Rambling about database technologies: Indexes

Showing posts with label Indexes. Show all posts

Wednesday, 22 August 2012

Columnar Databases and SQL Server Columnstore Indexes

Lately I have been working on Vertica - a column based database from HP and I have to admit that I am amazed by its capabilities and the functionalities it offers, especially when we are talking about relatively big data. The basic difference between SQL Server and Vertica is the way they store data- SQL server being a row store database and Vertica being a column store database. With Denali, SQL Server has also come up with something on the similar lines with ColumnStore indexes (codenamed Apollo). In this article I will talk about columnar databases, how they are different from the row store databases that we use everyday and why do we need them. Also, I will try to figure out what SQL Server has to offer with Apollo and how it stands up to any other column store database.

Column store databases

A column store database is a database which stores table data as sections of columns of data rather than as rows of data. That means all the values for one particular column will be stored together and these sets of data might be distributed for different columns. Different column values for same row are linked by pointers within. When any query is run against a row store database, it fetches data from all the columns for the rows that match the query conditions. In contrast, when the same query is run against a column store database, only those columns are read which are required by the query. So if you consider a table with 30 columns and your query needs( this is often less than 15% of the columns in a typical fact table, according to a Microsoft whitepaper) only five of those fields the column store database will at least give you 6x performance over its row store counterpart (provided the data in each column is similar). Considering the fact that disk access is still the slowest operation for our computers, this becomes significant because of much lesser pages to be read from the disk. Also, the columns which are not used in the query are not loaded at all in the memory which becomes essential to avoid frequent PLE drops when dealing with large amount of data.

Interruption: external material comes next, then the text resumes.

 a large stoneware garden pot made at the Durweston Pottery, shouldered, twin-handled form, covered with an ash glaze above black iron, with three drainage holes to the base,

Also, most of the column store databases use high values of compression for the data they store. The extremely high values of compression are results of the redundancy we usually see in columns. Again, the values in the same column are invariably of the same type, unlike the data you will see in a row, thus facilitating even more compression. Most of the column store database systems use more than one type of compression schemes based on the type of values stored in the column. For instance, Vertica uses Run Length Encoding schemes to store values in a column that are highly repetitive. These encoding schemes allow the database system to compress each column separately based on the underlying data values which can’t be done in a row store database because of different types of values stored in each row for each column.

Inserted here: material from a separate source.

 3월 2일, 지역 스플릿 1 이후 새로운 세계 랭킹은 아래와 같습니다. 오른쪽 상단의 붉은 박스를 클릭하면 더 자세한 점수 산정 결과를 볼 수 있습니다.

So if column store databases are so good, why do we use row store databases at all? Moreover, why row store databases are ruling the market when they are so inept when compared with column store databases? The point is that row store databases have their own advantages. You can’t use a column store database for a small table with hundreds of OLTP transactions per minute. A row store database will be much faster than a column store database if you want to see all the columns of the table in your resultset (because different columns are stored at different places on the disk and need multiple disk seeks). In a nutshell, there are specific use cases where you should use column store databases. The rise of column store databases has a lot to do with the rise of BI and big data. So generally column store databases should be used where traditional row based databases fail in delivering a satisfactory performance. Usually, such cases will be when you are trying to run analytic queries on significantly big data or when you need only few columns of a large table with a number of columns (a fact table for a star schema perfectly suits the description). Row store databases fail because they are just not designed for the purpose.

ColumnStore indexes in SQL Server

Now that you have a basic understanding of what a columnstore is, let’s talk about this new feature of Denali which is known as ColumnStore Index (codenamed Apollo). A columnstore index stores each column in a separate set of disk pages as compared to a heap/ B-tree which store multiple rows per page.

It brings the obvious advantages of a column store, easily compressible data and fetching only the data that we actually need in the query, to a normal SQL Server table. The columnstore index in SQL Server employs Microsoft’s proprietary VertiPaq technology. SQL Server columnstore indexes are pure column stores. That means that the data is stored and compressed in column-wise fashion and individual columns can be accessed separately from other columns. Another type of column store is hybrid column stores which stores data as set of rows, but within that set of rows, data is organized and compressed in column-wise fashion.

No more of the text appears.